David John Briggs AM (born 26 January 1951) is an Australian musician, songwriter and record producer, best known as lead guitarist in the rock band Little River Band between 1976 and 1981, having joined the band when original lead guitarist Ric Formosa left.

==Professional career==
In 1976 he joined Little River Band. He wrote their hit single "Lonesome Loser" and co-wrote "Happy Anniversary", and played lead guitar on the albums Diamantina Cocktail, Sleeper Catcher, First Under the Wire, Backstage Pass, Live in America and Time Exposure.
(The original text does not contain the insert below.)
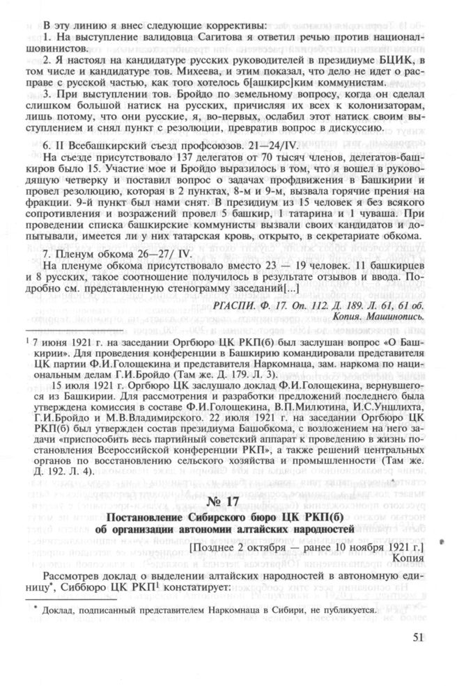 Постановление Сибирского бюро ЦК РКП(б) об организации автономии алтайских народностей. [Позднее 2 октября — ранее 10 ноября 1921 г.] // РГАСПИ. Ф. 17. Oп. 112. Д. 244. Л. 34, 34 об. Копия. Машинопись.

Briggs also produced the rock band Australian Crawl and co-wrote their single "Hoochie Gucci Fiorucci Mama" with vocalist James Reyne. He produced Russell Morris' Almost Frantic album and started Rough Diamond Records with Ross Gardiner, a Melbourne-based music writer, which was distributed through Astor Records and then PolyGram. He signed the band No Fixed Address which was one of the first contemporary Aboriginal bands to record in Australia. Subsequently, the single "We Have Survived" was released, which was launched by Bob Hawke, the Prime Minister of Australia at the time. Briggs has also produced songs for artists, released on Rough Diamond.

Briggs works as a recording engineer and producer in Melbourne. Has worked on numerous records since starting the Production Workshop Recording Studio in 1979. Since 2002 he has been a lecturer at Victoria University, Melbourne, teaching Applied Acoustic Design and Advanced Digital Audio.

He was appointed a Member of the Order of Australia in the 2025 Australia Day Honours.